Ja, es gibt die Kanzlerin, weibliche Abgeordnete im Deutschen Bundestag und Ministerinnen. Die Politikwissenschaftlerin Corinna Kröber erklärt, warum Frauen in Deutschland politisch trotzdem überwiegend in der zweiten Reihe stehen.
Die Finnin Sanna Marin ist mit 34 Jahren die jüngste Regierungschefin der Welt. Auch der Rest der Regierung in Finnland ist so jung und so weiblich wie nie zuvor. In dem Land gibt es seit 1995 eine Frauen- und Männerquote in staatlichen Gremien. Im Deutschen Bundestag sind nur 31,2 Prozent der Abgeordneten Frauen. Der Anteil war schon mal höher und hat sich in dieser Legislaturperiode wieder verschlechtert.
Quoten wirken in Parteien
Sechs von 15 Ministerien werden von Ministerinnen geführt. Die Politikwissenschaftlerin Corinna Kröber arbeitet zu dem Thema. Sie stellt fest, dass es auch heute noch systematische Barrieren Frauen daran hindern, in der Politik erfolgreich zu sein.
"Im Bundestag haben Frauen nur faire Chancen, wenn sich Parteien durch Quoten verpflichten."
In der Regierung sind im Moment zwar sieben von 16 Mitgliedern weiblich, aber Ministerien, die besonders einflussreich sind, werden alle von Männern angeführt. Etwa: Finanzen, Wirtschaft, Auswärtiges.
Frauen in der zweiten Reihe
In weniger sichtbaren Ministerien sind durchaus auch Frauen am Werk: Familie, Bildung und Forschung oder Justiz. Besonders niedrige Frauenanteile zeigen sich in südeuropäischen und osteuropäischen Ländern.
"Schlusslicht ist momentan Griechenland mit nur zwei Ministerinnen in den Ressorts Bildung und Kultur und Sport."
Finnland ist hingegen, wie eigentlich alle skandinavischen Länder, ein Vorreiter beim Thema Geschlechtergleichheit. Das fängt schon in der Gesellschaft an. Beruf und Familie lasse sich dort besser verbinden.

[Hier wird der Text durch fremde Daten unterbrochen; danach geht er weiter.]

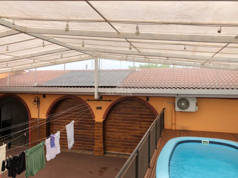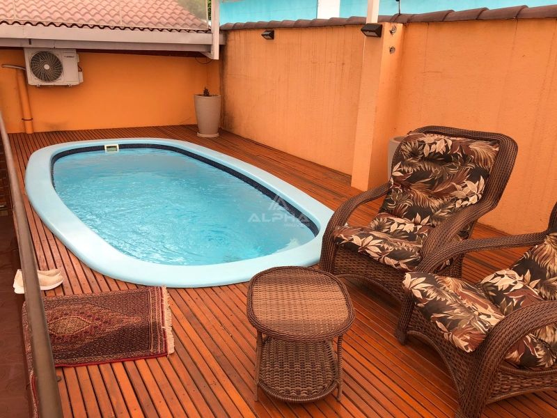 Conta com 03 dormitórios, sendo 01 suíte, 03 salas, 04 banheiros, área de serviço, despensa, churrasqueira, garagem com espaço para 2 carros e espaço para depósito. Além disso, esta casa possui energia solar fotovoltaica, piscina com aquecimento, piso interno novo em porcelanato, aberturas novas em madeira imbuia, rede elétrica nova e portões eletrônicos com 3 movimentadores.
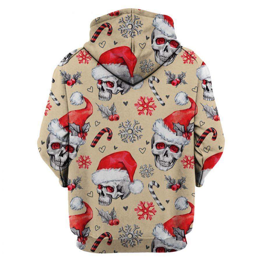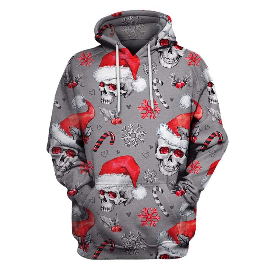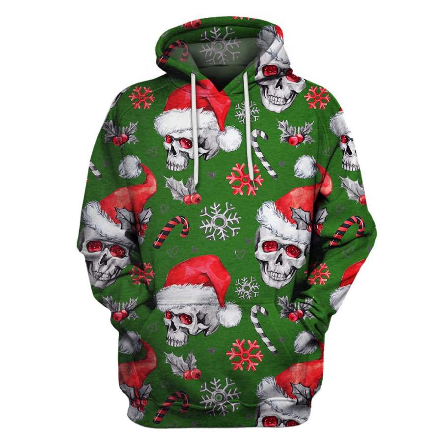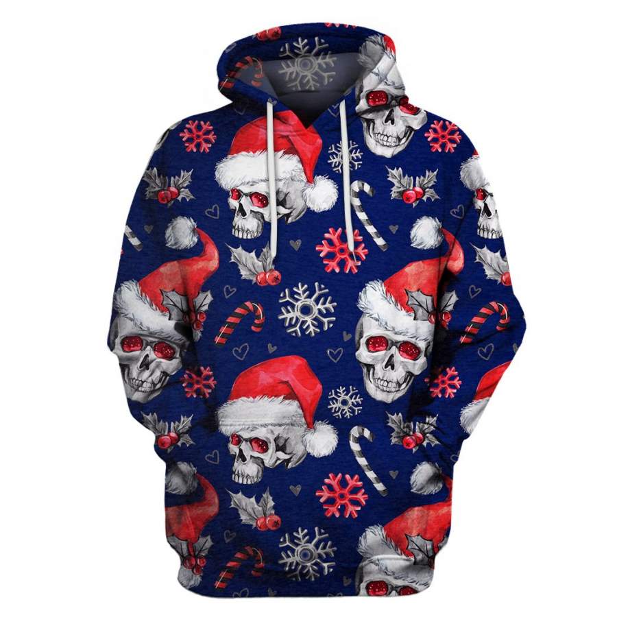 Multi-Color Christmas Skull US Unisex Size Pullover Hoodie

"Wenn man der Meinung ist, Mann und Frau haben gleiche Aufgaben und gleiche Fähigkeiten, dann haben sie auch die gleiche Fähigkeit, Politik in jedem thematischen Bereich zu machen."
Grundsätzlich vertreten Frauen im Bundestag eher die Interessen ihrer jeweiligen Partei, sagt Corinna Kröber. Es gibt aber Ausnahmen: immer dann, wenn die Interessen systematisch mit dem Geschlecht zusammenhängen.
Das geschieht auf Feldern, in denen Erfahrungen eine Rolle spielen, die Männer so nicht machen. Männer können das eventuell nicht nachvollziehen, hätten diese Probleme nicht auf dem Schirm, sagt Corinna Kröber.
Als Beispiele nennt sie:
- Altersarmut
- Frauengesundheitsvorsorge
- Kinderbetreuung
Sie findet es wichtig, dass Frauen mit breiten politischen Meinungen in allen Parteien im Bundestag vertreten sind. Ein zahlenmäßiges und machtmäßiges Gleichgewicht wird sich nicht von selbst einstellen, vermutet Corinna Kröber, auch wenn nun sogar in der CSU eine feste Frauenquote diskutiert wird.
"Ich glaube, von selbst passiert das nicht. Da müssen wir schon nachhelfen – mit Regelungen wie Quoten. Meine Vermutung wäre, dass das in Zukunft irgendwann passiert, aber nicht in absehbarer Zeit."